Conditional gestures in SwiftUI
15 Aug 2020 ⇐ Notes archive(This is an entry in my technical notebook. There will likely be typos, mistakes, or wider logical leaps — the intent here is to “let others look over my shoulder while I figure things out.”)
Conditionally enabling a gesture in SwiftUI wasn’t as intuitive for me compared to other modifiers. Showing or hiding a view is an .opacity(someCondition ? 1 : 0)
(or if
-else
in a ViewBuilder
or .hidden()
) away. But for gestures? It felt off to have to .gesture(someCondition ? DragGesture().onChanged { /* … */ }.onEnded { /* … */ } : DragGesture())

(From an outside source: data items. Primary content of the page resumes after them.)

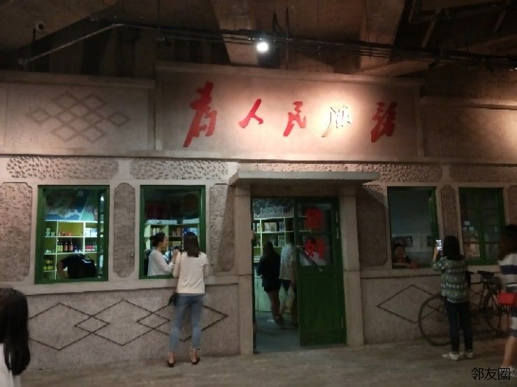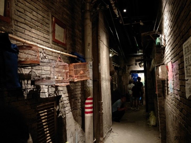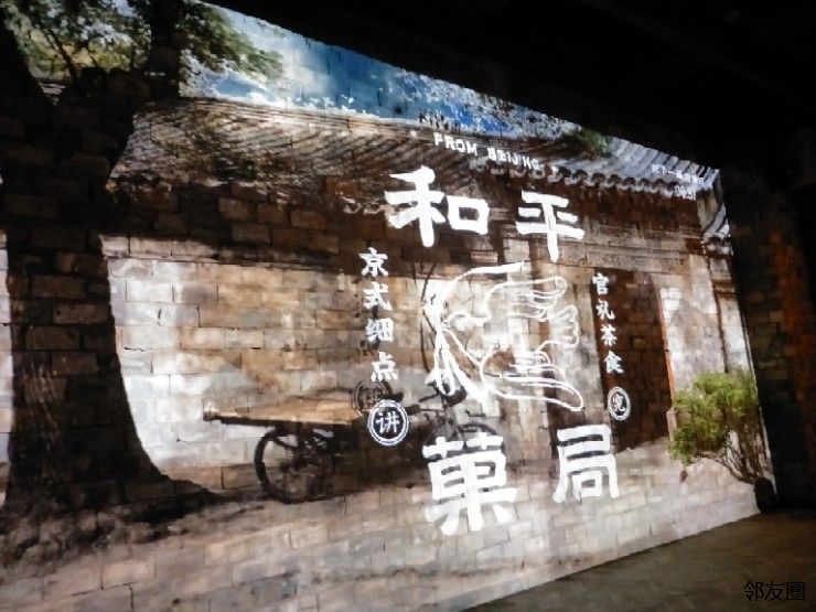最近,王府井百货大楼里出现了一座“老北京城”,这个由京菜“局气”创始人韩桐打造的“和平菓局”,浓浓的年代感扑面而来。大青砖窄胡同儿、蜂窝煤、小马扎、绿皮火车、大戏院、照相馆还有上世纪的广告画……2400平方米的沉浸式体验空间,还原出鲜活真实的老北京生活,开出不久就成了王府井大街上的最热门“打卡地”。从王府井百货大楼下到地下二层,就像进入了一个时空隧道,煤厂胡同带你穿越回上世纪80年代:那时候住在很深的胡同里,通讯还不像今天这样发达,家家户户门口都有信报箱,鸟笼在墙上挂了一排,鸟儿在里面叽叽喳喳。奶奶那时爱养花,花盆和大白菜整齐地放在窗台下,旁边停着一辆家里唯一的二八自行车。再往前走,胡同里晾衣绳上挂着两三件衣服,墙根儿底下晾晒着的白球鞋,拐角处下了一半的象棋、小马扎,墙上贴着居委会通知书、警示语、宣传标语,还原了最朴实无华的老北京市井生活。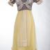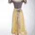 Stage peasant dress of Solange SCHWARZ, star of the Paris Opera, possibly for the ballet "Giselle". The bodice is made of pale, dusty purple velvet with a white pleated chiffon trim on the collar, short velvet sleeves with vertical chiffon inserts and cuffs. A pastel green large ribbon crosses on the bodice and goes to the back creating a long belt. Medium long skirt of the gown is made of yellow taffeta, covered with white dotted embroidered tulle.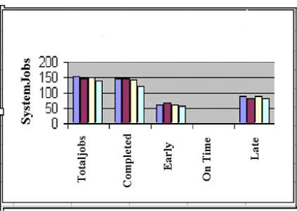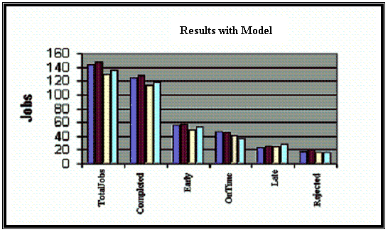 The system was tested under two different scenarios; first without implementing the model thus described and then with the model. In each case, the system started with four different jobs with each job having associated with it a size of 48, a due date, and process plan. After an initial feasible schedule of all these existing jobs, the simulation was enacted with jobs coming in at an exponential rate. During each run, three machine failures were introduced. The result is shown in the bar graph Figures 5a and b, the system with the model shows an overall improvement of 29%

, where the first branch returns a live gesture and the second, an inert one. The types returned from the ternary need to line up — there’s an AnyGesture
eraser in the framework that usually helps in these situations, yet it still begs the question of which instance to erase in the disabled case.
A search online for “SwiftUI disable gesture” tops out with Paul Hudson’s post, “Disabling user interactivity with allowsHitTesting(_:)
” and while that modifier works in some situations, it was too coarse for the one I was in. I needed to disable a drag gesture and keep a tap gesture on the same view in tact and allowsHitTesting
wholesale disables both.
Poking around the Gesture
protocol’s listed conformances had the answer I was looking for — Optional
conditionally conforms to Gesture
!
And Harlan Haskins helped me tidy the above ternary to .gesture(someCondition ? DragGesture().onChanged { /* … */ }.onEnded { /* … */ } : nil)
. What’s wicked here is the gesture is of type _EndedGesture<_ChangedGesture<DragGesture>>
and Swift is able to promote the nil
to an optionally-wrapped version without any added annotations.